Canada and mexico. they didnt even stand a chance. one terminator took out mexico, one nuke made canada surrender. wimps. I gave them the rules i would any household under my control. if they werent a Stay Out Of MY CRIBbian, they got shot. every household was required to have my flag up, and everybody was forced to take good care of my lawn. if a family found any famous dead bodies, they were to report to me.
*What did we do to all the dead bodies who werent famous, you ask? we dumped em in the ocean. feeding the sharks will hopefully make them hungry enough to eat russia, but thats just my theroy.
*North america Conquered! WHAT NOW!?!?! I rock. heck yeah. but with all the famous people, i eventually just had to dig a big hole (still in that acre) and dump them all in and cover it, with a little door on top in case i wanted to throw any more people in. i called it, Da famous people landfill. And from that we get famous people gas co. which is the stuff that heats our homes!*Taking south america was easy. I told them they were on my yard, and for some reason, they respected that.

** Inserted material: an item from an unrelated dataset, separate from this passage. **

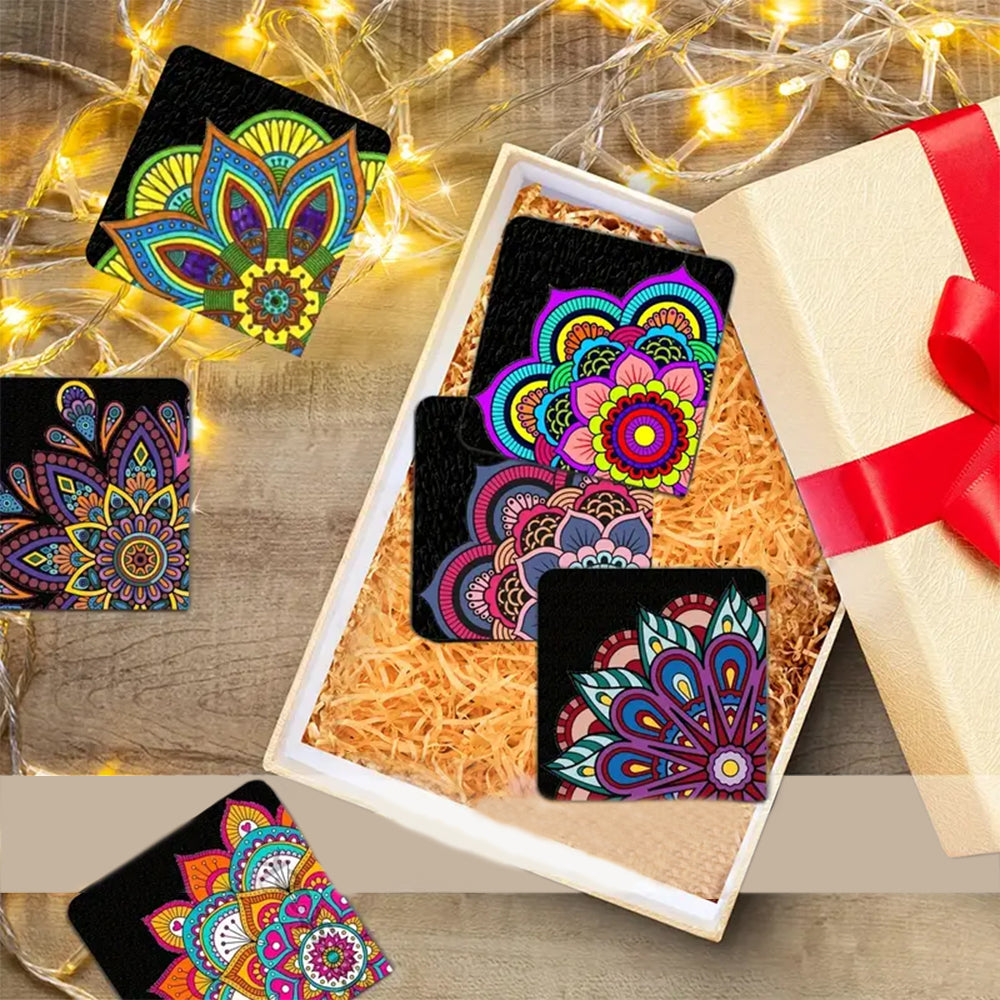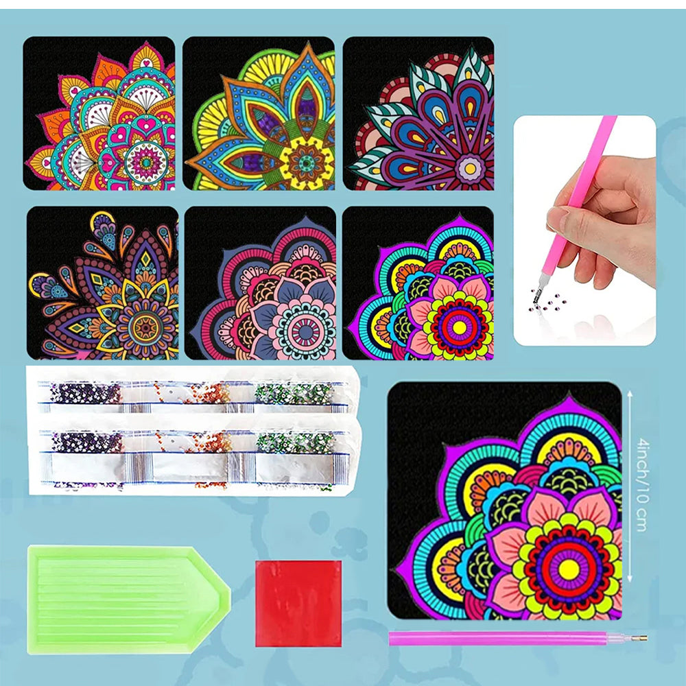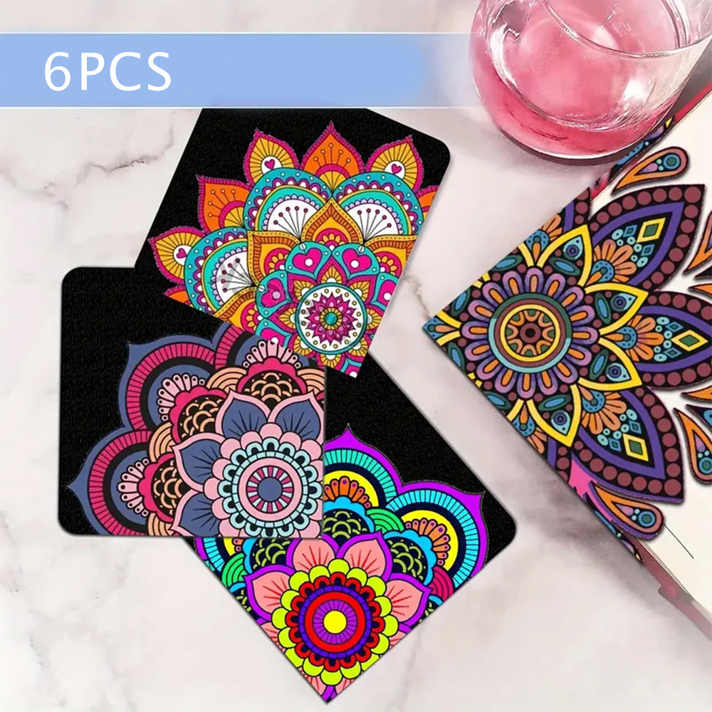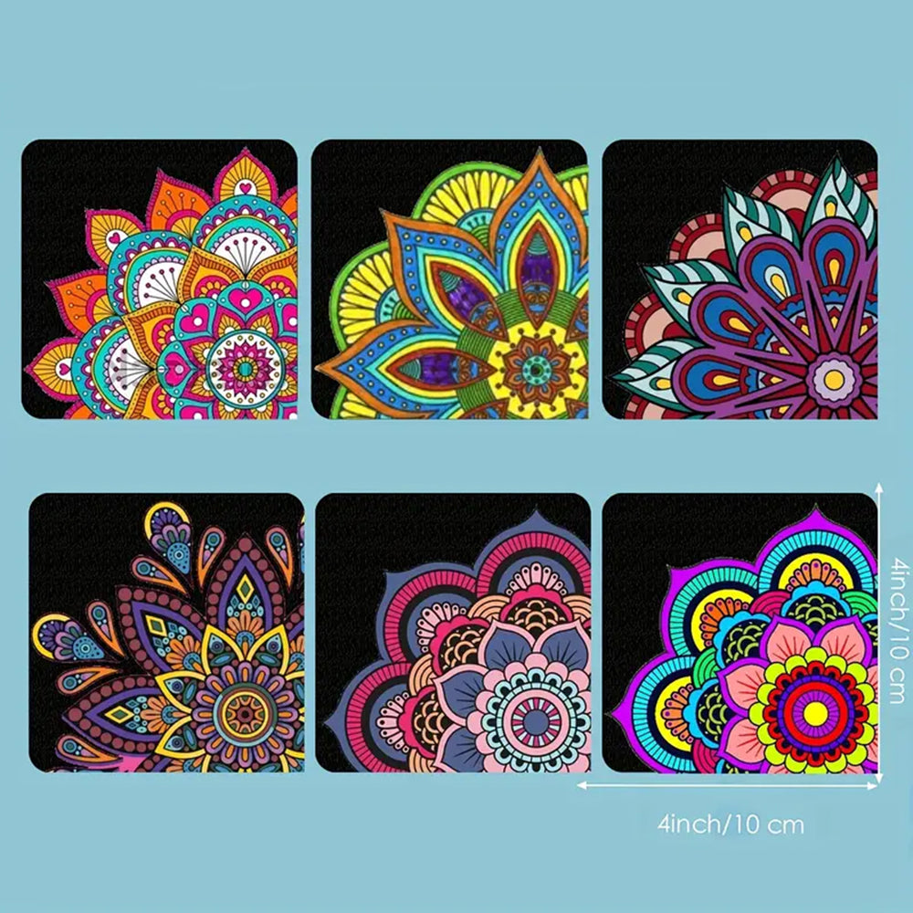 6St. Buntes Mandala PU Ecke Abdeckung Lesezeichen Set Diamond Painting

They asked me where they should go, and i said the whole world was my yard. so they all committed suicide for me. such nice people.
*Wow, almost half the world already and a 1/289th filled landfill. (it was deep, not wide) we have work to do. since i took over microsoft, i had plenty of money to build a time machine, which i used to send my terminators back, kill anybody famous, then do stuff so it doesn't ruin the time continuim, bring them back, and throw them in the landfill. i sent an assasin terminator to do the following. A: light a fire in one of the oil mines in Iraq and Afganistan and all other countries where the guys wear towels around their head and wave assualt weapons. They had so much oil, that fire desroyed that half the contenent! I took it over.
*We had a big problem. Russia. I told them "get off my lawn!"And they replied yelling something in german, i guess, and i had no idea what the russians yelling german ment, so i assumed they said they spat on my lawn. So i was mad. How dare those german speaking russians that dont have towels wrapped around their heads with big mustaches spit on my lawn? that wont make the grass grow! russian spit is known to cause CANCER!!! i cant afford to have grass with cancer! we don't have that many hospitals!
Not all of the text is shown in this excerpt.